- **Source material**
━━━━━━━━━━━━━━━━━━━━━━━━━━━━━━

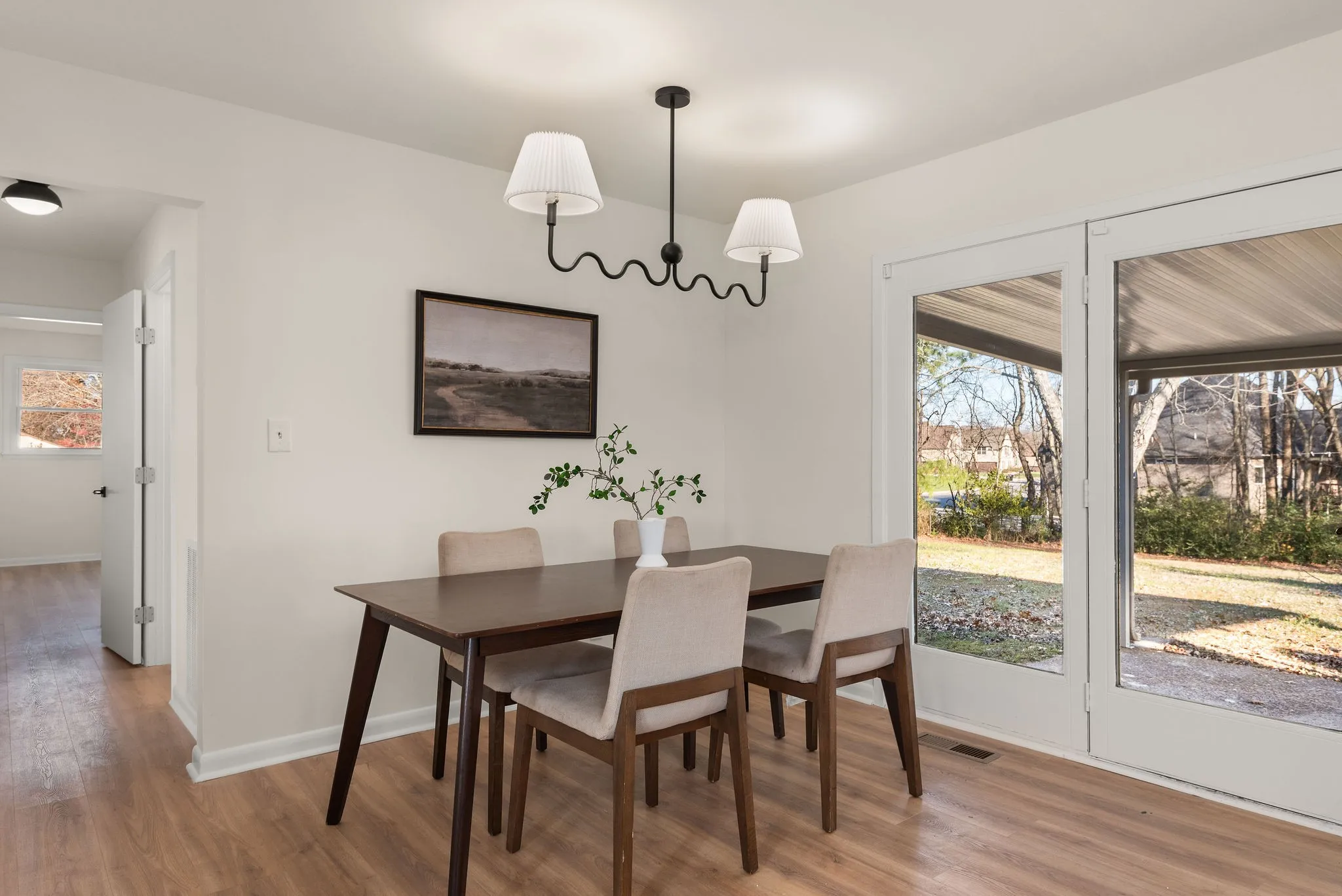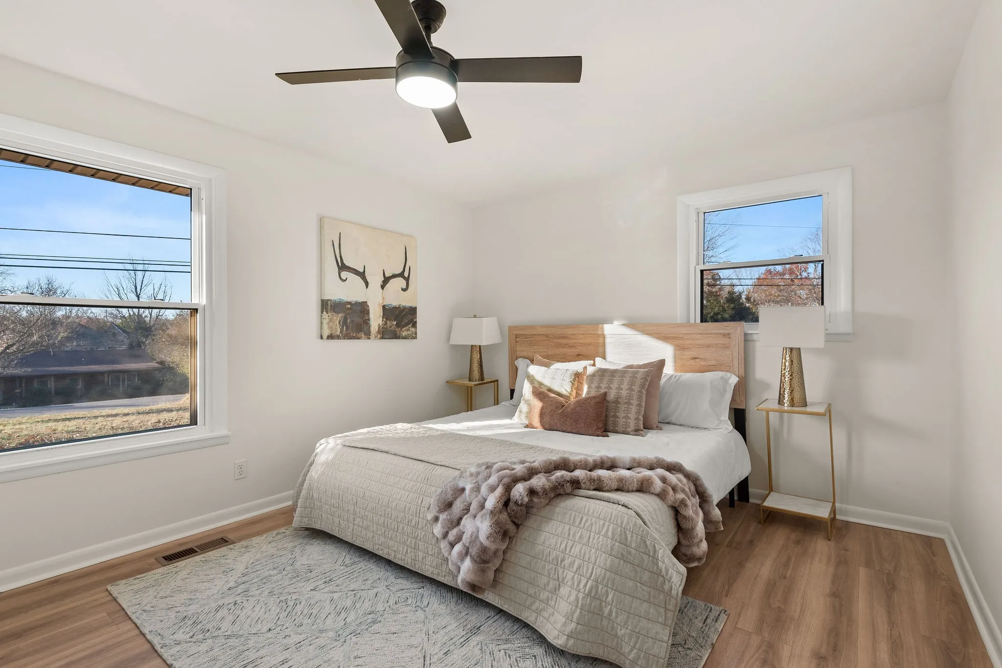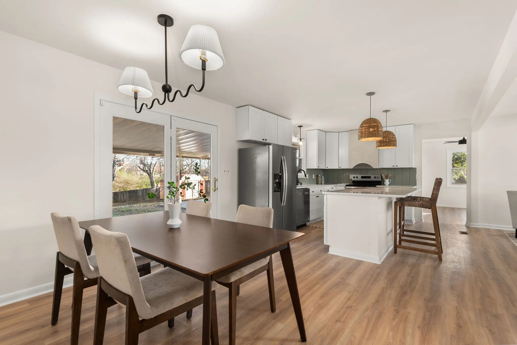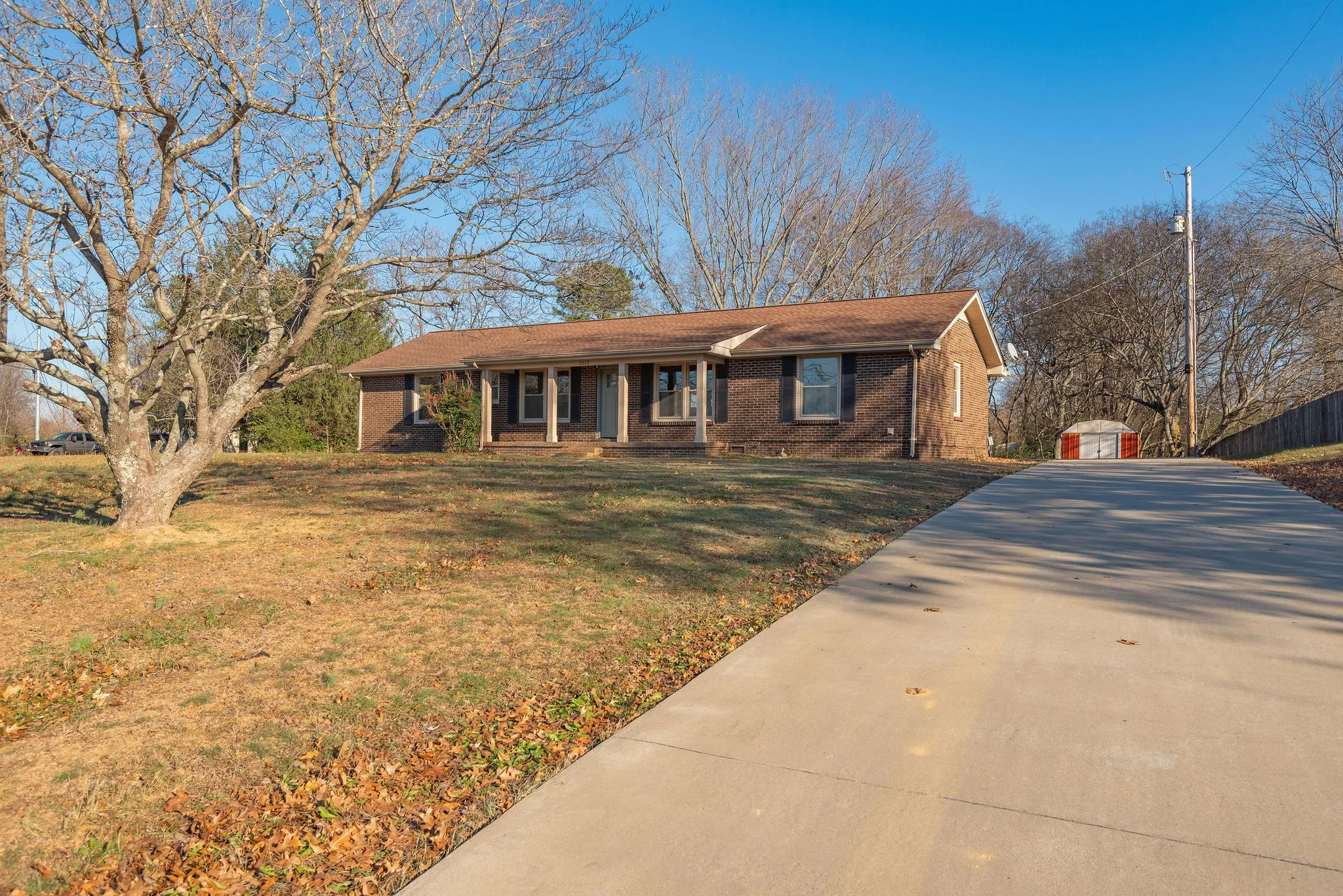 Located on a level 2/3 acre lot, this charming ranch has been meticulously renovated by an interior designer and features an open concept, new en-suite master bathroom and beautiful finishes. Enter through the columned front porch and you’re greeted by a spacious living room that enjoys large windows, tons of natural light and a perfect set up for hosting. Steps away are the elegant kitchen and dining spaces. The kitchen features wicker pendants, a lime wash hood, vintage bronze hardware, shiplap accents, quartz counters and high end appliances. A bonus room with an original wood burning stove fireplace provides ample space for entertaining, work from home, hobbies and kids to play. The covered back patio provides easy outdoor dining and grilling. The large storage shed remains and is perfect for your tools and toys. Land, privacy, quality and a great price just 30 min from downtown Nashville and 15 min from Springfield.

━━━━━━━━━━━━━━━━━━━━━━━━━━━━━━

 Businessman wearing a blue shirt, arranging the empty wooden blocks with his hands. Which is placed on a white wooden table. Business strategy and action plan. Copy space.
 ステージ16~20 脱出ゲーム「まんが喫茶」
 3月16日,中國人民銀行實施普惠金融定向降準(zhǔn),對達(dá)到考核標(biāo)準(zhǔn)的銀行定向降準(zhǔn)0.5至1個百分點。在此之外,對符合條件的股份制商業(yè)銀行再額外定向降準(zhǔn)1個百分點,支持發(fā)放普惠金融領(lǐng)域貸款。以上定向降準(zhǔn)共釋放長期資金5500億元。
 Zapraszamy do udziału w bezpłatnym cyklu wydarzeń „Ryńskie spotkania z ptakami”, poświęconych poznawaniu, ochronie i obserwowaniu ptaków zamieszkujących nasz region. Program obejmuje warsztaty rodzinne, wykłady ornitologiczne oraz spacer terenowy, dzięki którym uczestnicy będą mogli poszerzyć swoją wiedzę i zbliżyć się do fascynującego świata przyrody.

━━━━━━━━━━━━━━━━━━━━━━━━━━━━━━

- **Problem statement**
Once the line with "ステージ16~20 脱出ゲーム「まんが喫茶」" is found in the records above, print exactly that line and every line after it through the line with "Zapraszamy do udziału".

- **Exercise answer**
 ステージ16~20 脱出ゲーム「まんが喫茶」
 3月16日,中國人民銀行實施普惠金融定向降準(zhǔn),對達(dá)到考核標(biāo)準(zhǔn)的銀行定向降準(zhǔn)0.5至1個百分點。在此之外,對符合條件的股份制商業(yè)銀行再額外定向降準(zhǔn)1個百分點,支持發(fā)放普惠金融領(lǐng)域貸款。以上定向降準(zhǔn)共釋放長期資金5500億元。
 Zapraszamy do udziału w bezpłatnym cyklu wydarzeń „Ryńskie spotkania z ptakami”, poświęconych poznawaniu, ochronie i obserwowaniu ptaków zamieszkujących nasz region. Program obejmuje warsztaty rodzinne, wykłady ornitologiczne oraz spacer terenowy, dzięki którym uczestnicy będą mogli poszerzyć swoją wiedzę i zbliżyć się do fascynującego świata przyrody.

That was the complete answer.